Funny thing ... it wasn't until some questions came out about how SSL (TLS) really works under the hood before a big, bad hole was discovered. One of the IT managers was pursuing the concept of Extended Validation certs (even though EV certs are a stupid concept), and an "engineer" (use that term laughingly) pointed out that if they purchased the fancy certs and put them on the webservers in at the hosting provider, they would fail to turn their customers' address bars green. Why? Because of the content delivery network.

You see, SSL/TLS happens in the OSI model before HTTP does. That means a customer who wants to start an encrypted tunnel with "www.somecompany.com" must first look up the DNS entry, then attempt SSL/TLS with them over TCP port 443. This is important: the browser does NOT say "Hey, I want 'www.somecompany.com', is that you? Okay ... NOW ... let's exchange keys and start a tunnel."

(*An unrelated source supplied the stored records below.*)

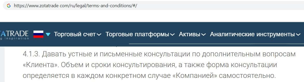 Клиентское соглашение фирмы финансовых лохотронщиков Зота Трейд
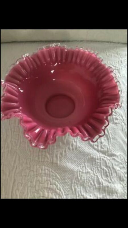 Title (ebay affiliate link): Vintage Fenton Cranberry and White Ruffled Edged Milk Glass Bowl
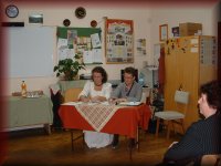 Németh Endréné tankönyvszerző és Hankó Györgyné zsűritagok figyelik a produkciókat
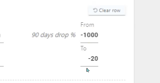 例えば、ここに入れられるのが一番低い数字で-1000になるので、-1000から-20という風に入れると、20%以上上昇している商品が抽出されます。
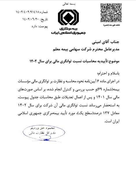 در اجرای ماده ۶ آیین نامه نحوه محاسبه توانگری مالی مؤسسات بیمه و براساس صورتهای مالی ۱۴۰۱، شرکت بیمه معلم برای سومین سال پیاپی، در سطح یک توانگری مالی قرار گرفت.
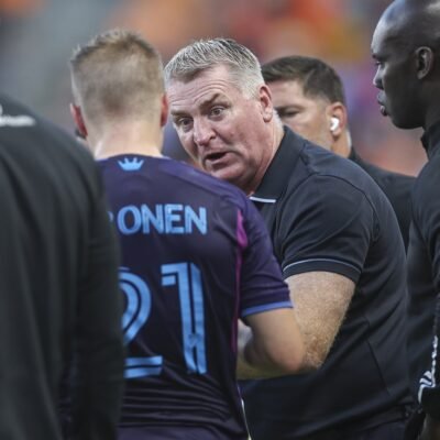 Jun 29, 2024; Houston, Texas, USA; Charlotte FC head coach Dean Smith reacts on the sideline during the match against Houston Dynamo FC at Shell
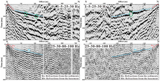 Figure 4. Common-shot gathers of line 1 (a,c) and line 2 (b,d) filtered in different frequency bands via UAV source. Red dashed line: refractions from the sediments (Rs); Blue dashed line: refractions from the basement (Rb); Green circle: discontinuous event.
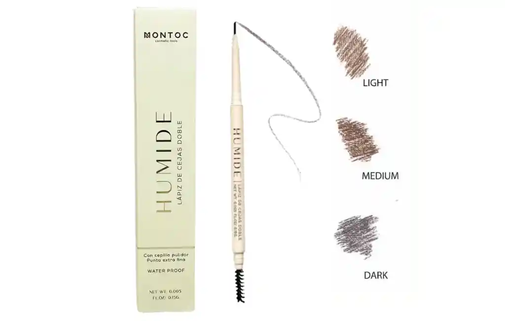 Lápiz de Cejas Doble Humide Montoc Cejas perfectas desde todos los ángulos Logra unas cejas definidas y con mucho estilo. Este lápiz además de su punta delgada en diagonal tiene una formulación suave y cremosa para lograr un trozo perfecto y muy natural. Este lápiz de cejas doble humide Montoc, además de su punta delgada en diagonal tiene una formulación suave y cremosa para lograr un trozo perfecto y muy natural. Transforma tus cejas en verdaderas obras de arte y sorprende con una mirada más intensa y expresiva. Con nuestro lápiz retráctil, lograrás un diseño preciso y natural en segundos.
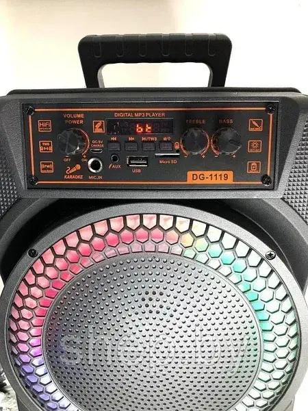 ?Bluetooth բարձրախոս DG - 1119 հեշտությամբ և ինտուիտիվ է հեռակառավարման վահանակի միջոցով (ներառված է) ?Դյուրակիր, ինքնավար, ոճային դիզայնով և լավ ձայնային բարձրախոս DG - 1119-ը կդարձնի ձեր հանգիստն ավելի պայծառ և շատ հաճելի պահեր կպարգևի ձեզ և ձեր սիրելիներին:
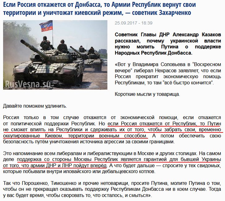 Советник главы "ДНР" Захарченко Александр Казаков заявил, что Украина "должна молить Путина" о поддержке так называемых "республик" Донбасса, так как в случае отказа от сдерживания армия "ДНР" пойдет вперед и "уничтожит киевский режим", вернув себе свои территории.
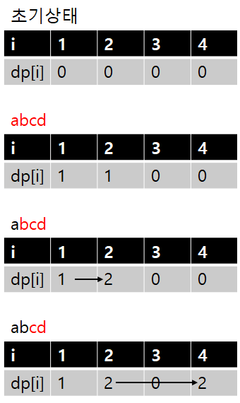 이걸 dp라는 배열로 한번 표현해보자. dp[i]는 abcd의 i번째 문자까지 표현하는 경우의 수를 나타낸다. 그렇다면 아래처럼 표현해볼 수 있다. abcd 에서는 'a'와 'ab'가 가능하므로 dp[1]과 dp[2]를 각각 1씩 증가시킨다. abcd 에서는 abcd의 처음 'a'를 표현 가능한 경우의 수가 1개이고, 그 이후로 'b'를 붙일 수 있으므로 dp[2] += dp[1]을 해준다. +1이 아니라 dp[1]을 해줬다는 점에 주의하자. abcd 에서는 abcd에서 처음 'ab'까지 표현 가능한 경우의 수인 2에서, 'cd'를 뒤에 붙이는게 가능하므로 dp[4] += dp[2]를 해준다. abcd 는 애초에 abcd에서 처음 'abc'를 표현 가능 가능한 경우의 수가 0 이므로 무시하면 된다.
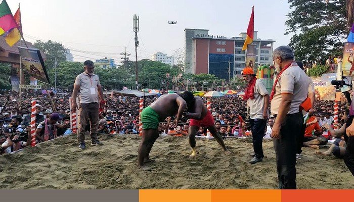 শনিবার (২৫ এপ্রিল) বিকেলে শুরু হওয়া মূল প্রতিযোগিতায় দেশের বিভিন্ন অঞ্চল থেকে অংশ নেন প্রায় ১০৮ জন বলী। প্রতিটি লড়াই ছিল টানটান উত্তেজনায় ভরা। একের পর এক শক্ত প্রতিদ্বন্দ্বিতা পেরিয়ে শেষ পর্যন্ত সবার নজর কাড়েন বাঘা শরীফ ও রাশেদ বলী। দীর্ঘ ৩০ মিনিটের লড়াই শেষে চ্যাম্পিয়নের মুকুট ধরে রাখেন বাঘা শরীফ।

In this case, as Akamai hosts the "www" record for "somecompany.com", Akamai must be ready for HTTPS calls into their service. "But wait ... " (you're thinking) " ... Akamai just delivers static content like images or resource files. How can they handle the unique and dynamic behaviors of the application which is required on the other end of the SSL/TLS tunnel?" The answer to your question is: They can't.

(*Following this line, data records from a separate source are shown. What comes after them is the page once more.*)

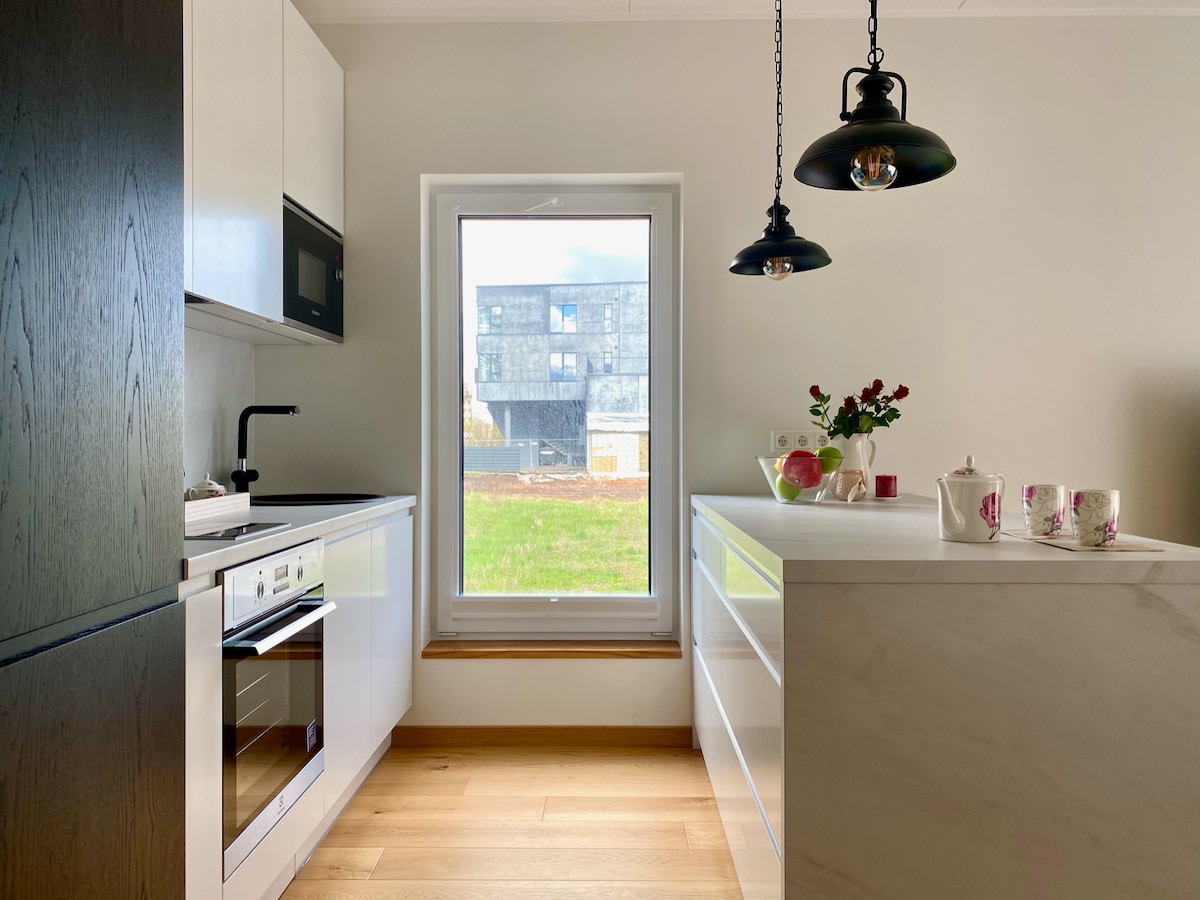 Tasteful 2-room apartment located in the brand new development on the 6th floor offering beautiful views of the river. Free parking in front of the house. A large grocery store is just a two-minute walk away, the city center a 5-minute drive away. Ideal location if you want to be close to the city centre, but a little away from the hustle and bustle of the city. The apartment also has all the little amenities: from a coffee machine to a hairdryer. Come visit and you'll never want to leave!
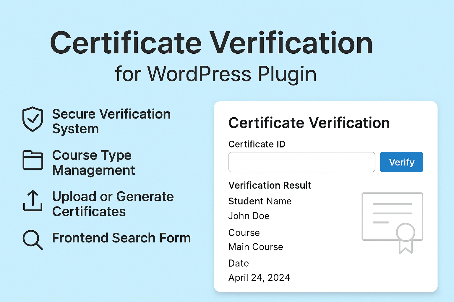 The Certificate Verification for WordPress Plugin is a powerful and easy-to-use tool designed for educational institutions, training centers, and online course providers. It enables administrators to issue unique certificates and allows users to verify the authenticity of those certificates directly from your WordPress website.
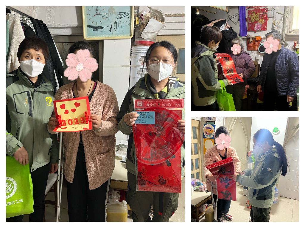 活动中,社工们详细了解了探访对象近期的身体状况和生活情况,与探访对象唠着家常、聊着天,认真倾听老人们的心声,使其在倾诉中缓解内心压力;在行动不便的居民家中,社工们还帮助他们打扫卫生、贴春联、贴窗花,让困难群众感受到浓浓的年味,年近80的张大爷握着社工的手不停的表示感谢:“你们想得真周到啊!也祝你们新年快乐……”。在探访过程中,社工在送上新年祝福的同时还向他们介绍了社工站春节的放假安排,并叮嘱他们保重身体,在疫情“转段”期间要做好个人防护,遇到急事、难事及时联系社工站或社区居委会。
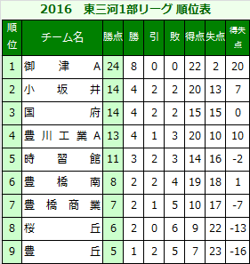 | (4)順位決定は、勝ち3点、引き分け1点、負け0点の勝ち点制とする。但し、勝ち点が同じ場合は、得失点差、総得点、当該チーム間の勝ち点、当該チーム間の得失点差、当該チーム間の総得点、抽選の順で決定する。 |
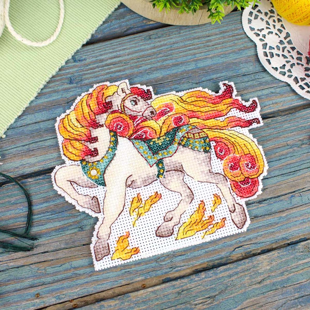 Набор от МП Студия вышивка яркого сувенира "Пламенный конь" включает в себя все необходимые материалы для создания неповторимого полотна, подробная инструкция позволит легко разобраться с тонкостями вышивки даже начинающим.

On the one hand, the CDN could refuse to accept traffic on port 443 or just refuse to handshake SSL/TLS requests. But that would break transactions into your "https://www.somecompany.com" URLs.

On the other hand, the CDN could accept your customers' HTTPS requests, then serve as a proxy between your customers and your hosting providers' web servers. The entire transactions could be encrypted using HTTPS. But the problem is the CDN must act as a termination point for your customers' requests-- they must DECRYPT those requests. Then they pass those messages back to the hosting provider using a new-- and separate-- HTTPS tunnel.

Guess which option CNDs choose? That's right-- they don't choose to break customers HTTPS attempts. They proxy them. And how did this particular organization figure that out? Well, because an EV-SSL cert on their web server is never presented to their customer. The address bar stays the boring white color, because the customer sees the CDN's certificate, not the organization's.

Why is this statistically relevant? Because a malicious CDN-- or perhaps a malicious employee at a CDN-- could eavesdrop on their HTTPS proxies and save copies of your customers' credit card numbers (or any other confidential information) for their own benefit. The CDN gets to see the messages between the clients and the servers even if only for an instant-- the classic man-in-the-middle attack. An instant is long enough for a breach to occur.

The moral of this story? 1) Learn how the OSI model works. 2) Don't overlook anything. 3) PCI (or any other compliance regulation for that matter) is far from perfect.